INDUSTRIAL APPLICABILITY

The present invention is expected to be applied in respective fields (immunology, biogenetics, protein engineering, molecular biology, cell biology and the like) of biology and experimental medicine, or clinical medicine relating to pathologic diagnosis, or drug discovery and the like; and the technology derived from the invention is applicable to blood analysis, cell markers, cell experiments or pathological analysis and the like.

Claims

1. A flow cytometer, characterized in that:

a sample liquid flow generating means for generating a sample liquid flow by flowing a sample liquid containing an object to be measured at a predetermined flow speed;

a monochromatic X-ray applying means for irradiating monochromatic X-rays to the object to be measured in the sample liquid flow generated by said sample liquid flow generating means; and

a fluorescent X-ray detecting means for detecting the fluorescent X-rays emitted from elements constituting the object to be measured in response to the irradiation of the monochromatic X-rays irradiated from said monochromatic X-ray irradiating means to the object to be measured.

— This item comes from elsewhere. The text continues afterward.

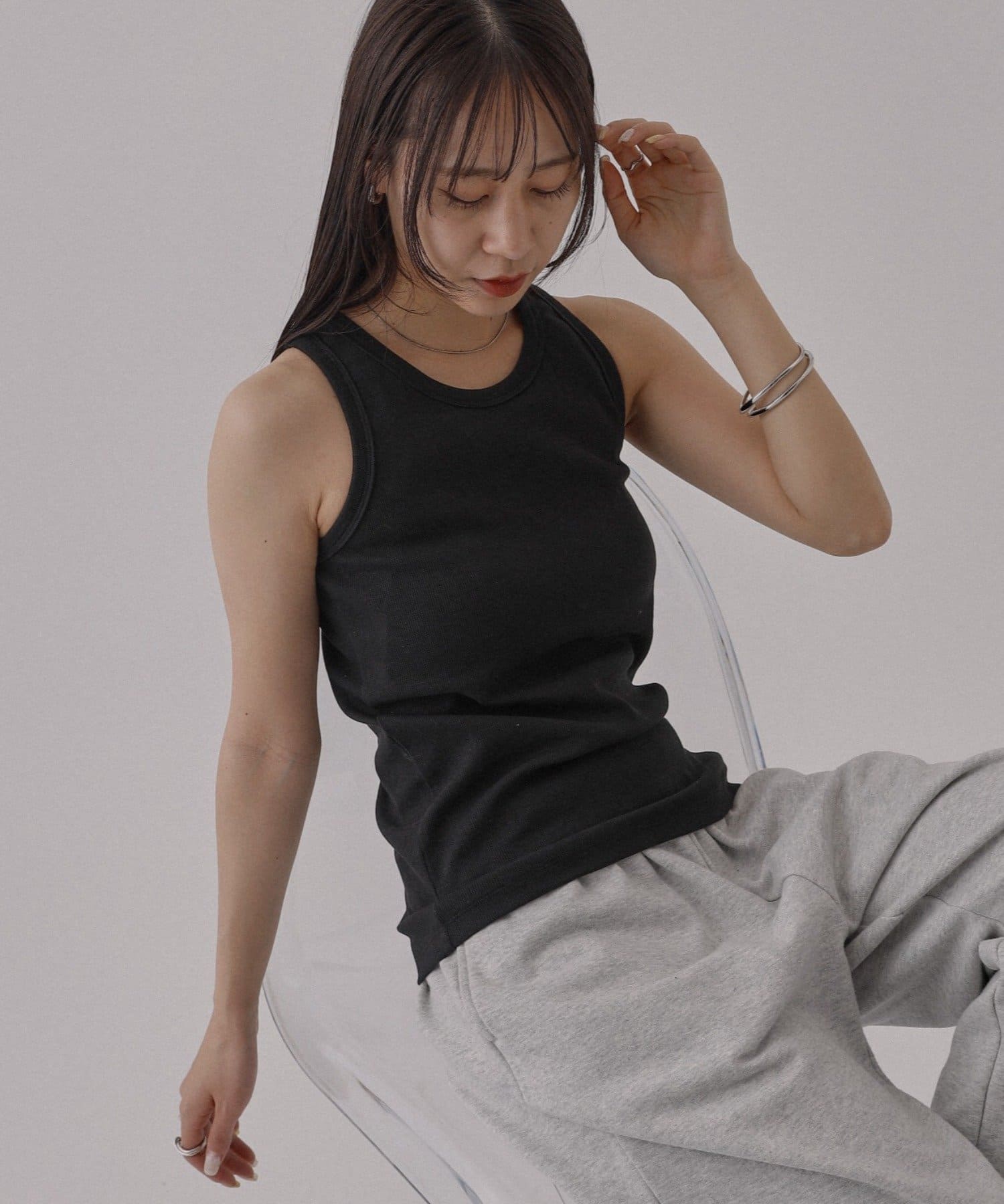 ・CWA1061406A0008 多機能テレコスクエアネックタンクトップ

2. The flow cytometer as claimed in claim 1, characterized in that:

a beam diameter of the monochromatic X-rays irradiated to the object to be measured from said monochromatic irradiating means is 0.1 μm or more to 500 μm or less.

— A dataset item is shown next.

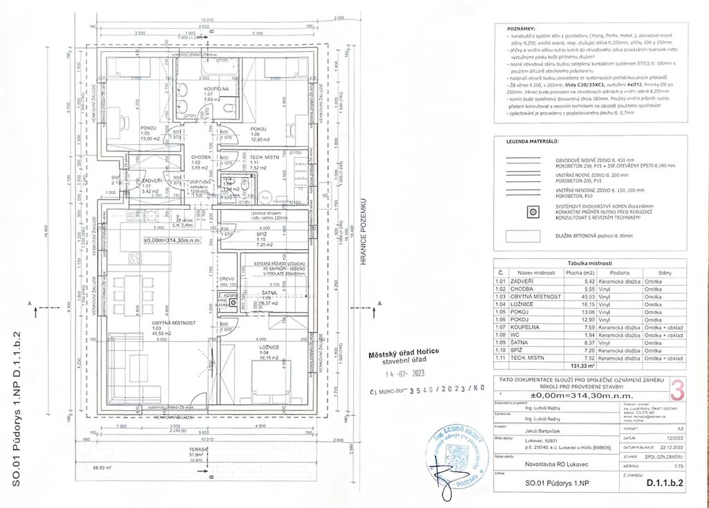 Součástí prodeje je rovněž kompletní projektová dokumentace k rodinnému domu o dispozici 4+kk se samostatnou dílnou a přístřeškem, která je již schválená stavebním úřadem.

3. A flow cytometer as claimed in any one of claims 1 or 2, characterized in that

an incident energy of the monochromatic X-ray beams irradiated to the object to be measured from said monochromatic X-ray irradiating means is 0.1 KeV or more to 16 KeV or less.

4. The flow cytometer as claimed in claim 1, characterized in that:

said sample liquid flow generating means flows the sample liquid flow inside a tube;

said monochromatic X-ray irradiating means irradiates monochromatic X-rays to the object to be measured inside said tube; and

a diameter of said tube is 20 to 500 μm.